Given data:
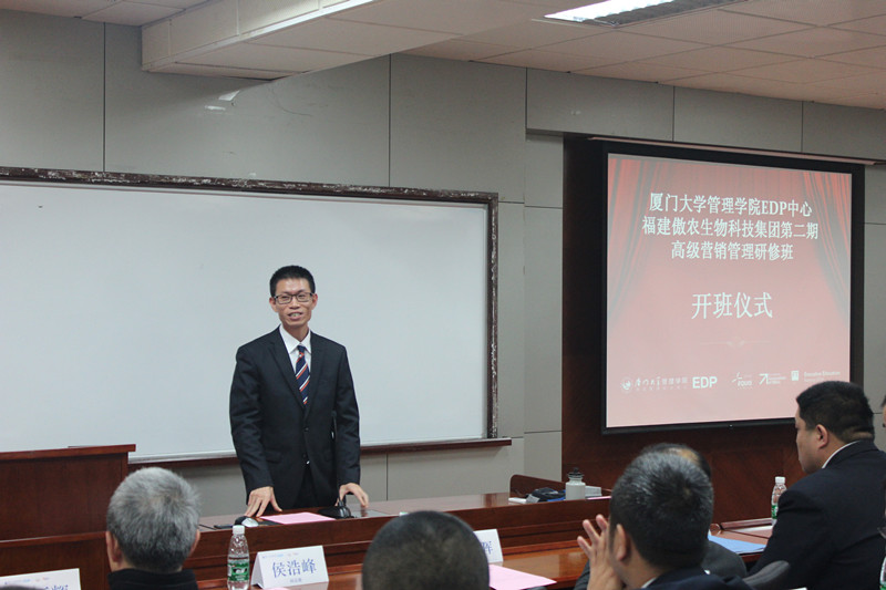 在学员们殷切期盼下,朱平辉教授向学员们介绍了厦门大学悠久的历史和人文底蕴,回忆了过去在厦门大学管理学院EDP中心顺利开班与结业的傲农的其它班级,表示将给大家提供优质的教学服务。也相信在座的各位同学能够在被誉为中国的沃顿、EDP里的黄埔军校的厦门大学管理学院学有所成。预祝福建傲农生物科技集团第二期高级营销管理研修班在厦门大学管理学院的学习之旅取得圆满成功。
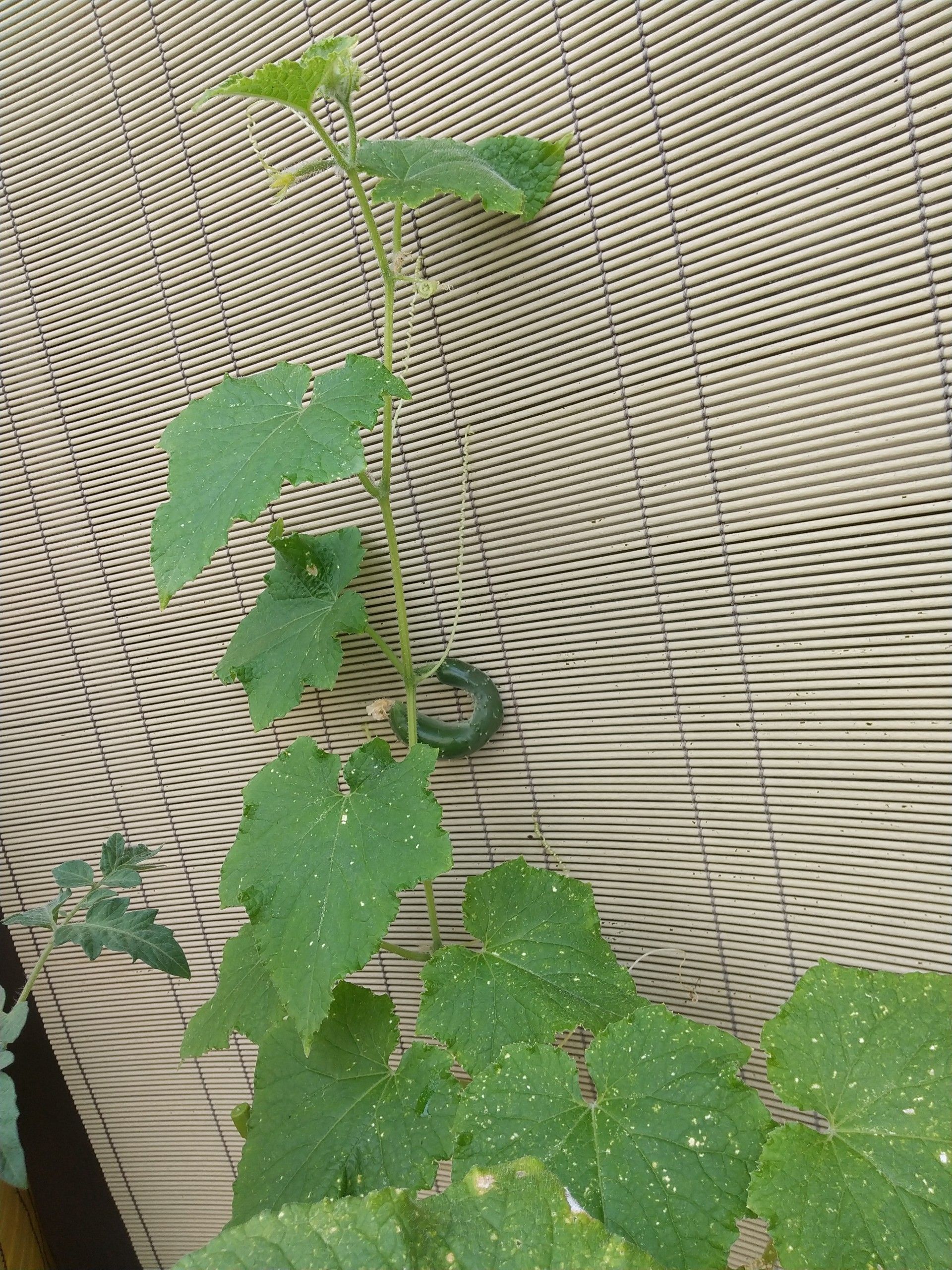 きゅうりとミニトマトが出来て2週間位になるかな? 茄子も濃厚で、美味しかったと主人曰く。 但し、きゅうりがイマイチです。こんな感じで育つのかなぁ? ⬇️
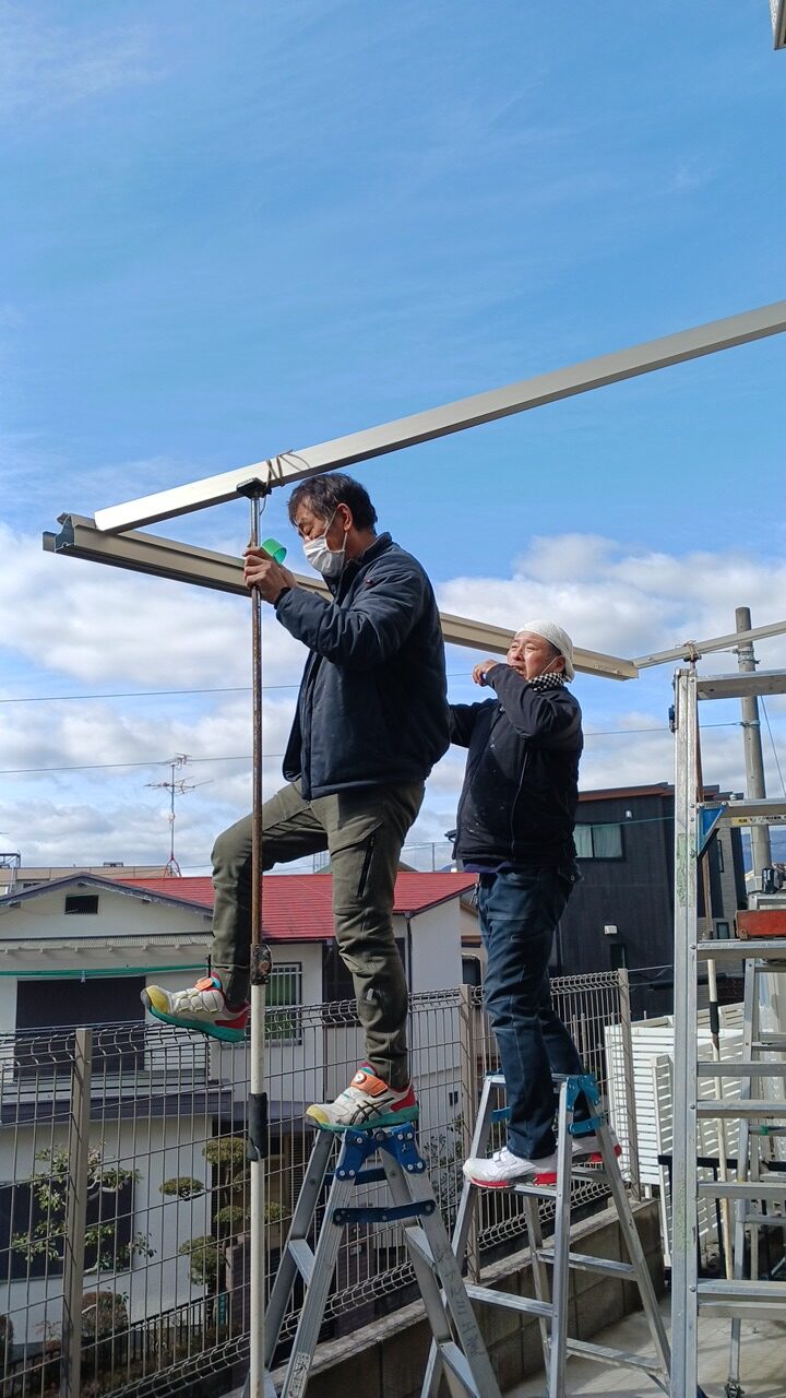 施行中⑦ 屋根材を1枚1枚違う寸法に斜め加工し取付て行きます。今回の屋根材は熱線遮断ポリカーボネートのクリアマットをご選択されました。
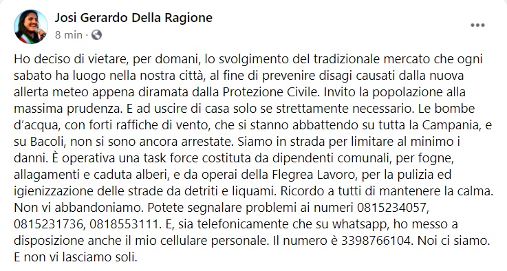 Questo quanto pubblicato sulla pagina facebook del Sindaco Della Ragione:

What needs to be done: Without any pictures, please write out the lines from the one containing "施行中⑦ 屋根材を1枚1枚違" through the final line of the data, exactly and inclusive of both ends.

Output of the exercise:
 施行中⑦ 屋根材を1枚1枚違う寸法に斜め加工し取付て行きます。今回の屋根材は熱線遮断ポリカーボネートのクリアマットをご選択されました。
 Questo quanto pubblicato sulla pagina facebook del Sindaco Della Ragione:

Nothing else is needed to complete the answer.